I am working on Peter Pan and need some help with my Tinkerbell effect. 
Here is my idea so far, Tb is a light on the end of a fishing pole type setup that can be flown around the stage then go behind an object. Then the actor playing Tb just pops up from behind said object.
I am just not sure what the best effect would be. Should I use a cluster of LEDs or just one LED, or flashing lights. I would really love to have more of a fairy dust, twinkly look with a trailing tail of twinkle. LOL does that even make any sense? As usual any suggestions are more that appreciated.


----------



## Les (Dec 12, 2011)

When I did Peter Pan back in High School, Flying By Foy rented us a green laser (They also did our flying effects). The laser was tripod-mounted and projected a rotating loop pattern. Two knobs on the side of the unit controlled speed and size. It was fairly neat and convincing looking once the operator got the hang of it. Best of all, it was extremely simple. When moved in a "flight" pattern, the laser does almost have a blurry trail to it, since your eyes can't focus on such a small object moving so fast (like the computer cursor effect).

From the Flying By Foy website:
"There are many ways in which Tinkerbell has been portrayed over the years. We can help to advise you on the advantages and disadvantages of the various methods. The Sandy Duncan edition of Peter Pan introduced the LASER method to Broadway audiences and it was a hit.

Flying by Foy® currently offers a three-milliwatt Diode Pump Solid-State Green Laser to achieve this effect. The laser is mounted on a heavy-duty tripod and produces a brilliant green oscillating image (bright enough to be clearly seen in daylight against a black background). The size of the image and the oscillating pattern may be easily adjusted from a tiny point of light to whatever size is necessary. It is also quite simple to operate – very much like a small follow spot. Rental prices, including shipping (via FedEx) are available upon request."

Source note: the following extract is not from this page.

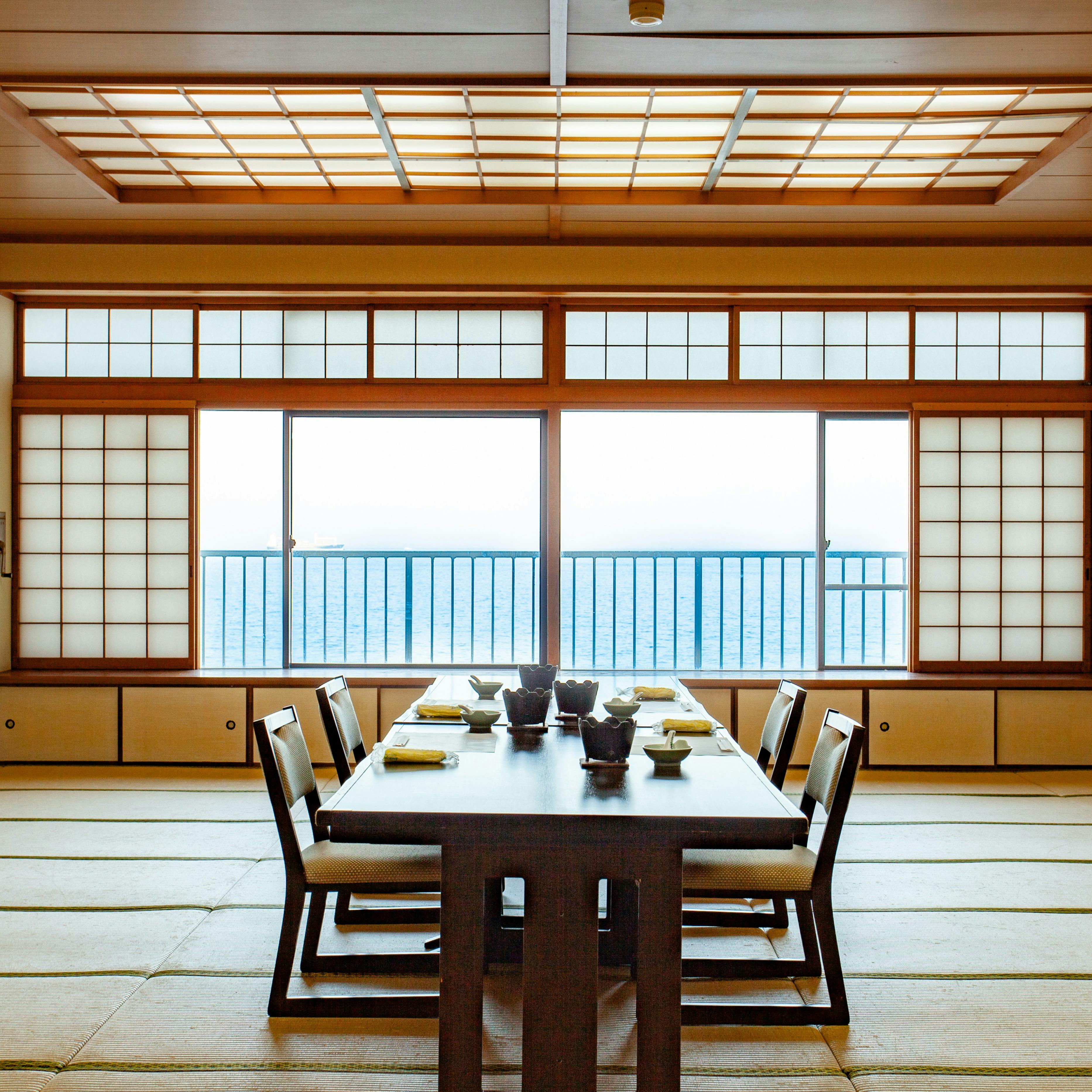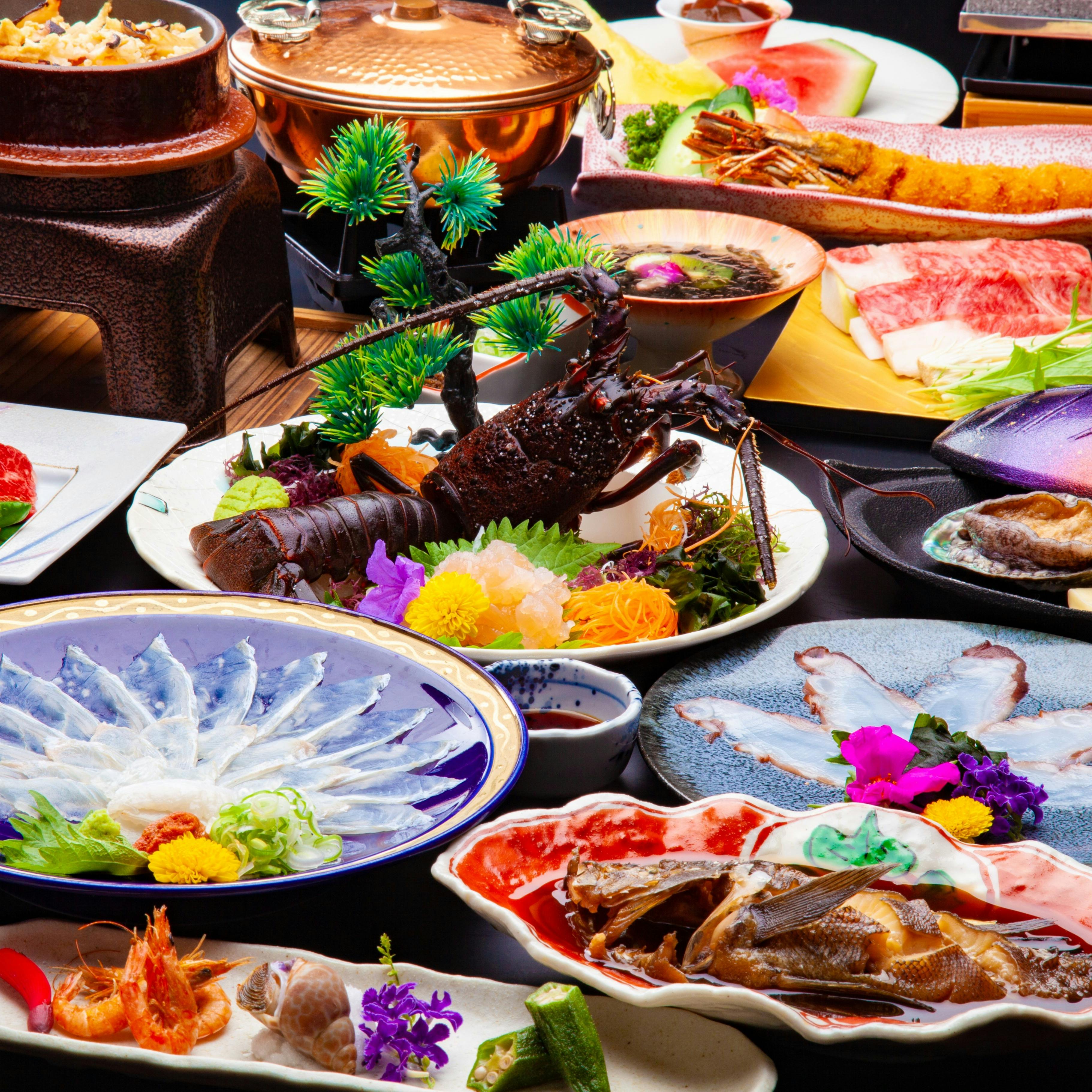 最高のロケーションをお楽しみいただける【ホテル小野浦】。お食事処では伊勢湾と三河湾の海の幸や、舌にとろける「知多牛」など、地元の食材を厳選して仕入れ、匠の技で逸品に仕立てます。愛知・知多半島の地酒とともにご堪能ください。

http://www.flybyfoy.com/rentals.htm

I believe Hall, ZFX, etc have similar solutions available to rent.


----------



## rochem (Dec 12, 2011)

There are a million ways to do tinkerbell, and it really depends on your budget. A common way to do it is to put a green laser on a tripod and have an operator move it around from the back of the house. However, you do need to be careful when blocking certain scenes so that your actors don't just walk through tinkerbell. The current tour starring Cathy Rigby uses a pair of Clay Paky Sharpys with the color wheel spinning on full speed for tinkerbell, and it looks quite good. It's actually a really impressive piece of programming on the Ion - it takes a surprising amount of work to make a light jump around the stage in random-looking patterns while still landing at an exact point.


----------



## kiwitechgirl (Dec 13, 2011)

I've said it before, I'll say it again....if Tink has lines or music associated with her, set up a small speaker in the wings, close to the stage. Stretch a balloon over the speaker, and glue bits of mirror to the balloon. Route Tink's lines/music to the speaker, focus a shuttered-down profile (gelled however you like) onto the speaker - and then the sound will cause the balloon to vibrate, darting the light around the stage as the mirrors move - but in sync with the lines/music. It may take some trial and error to get the speaker/profile in the right place, but it will work.


----------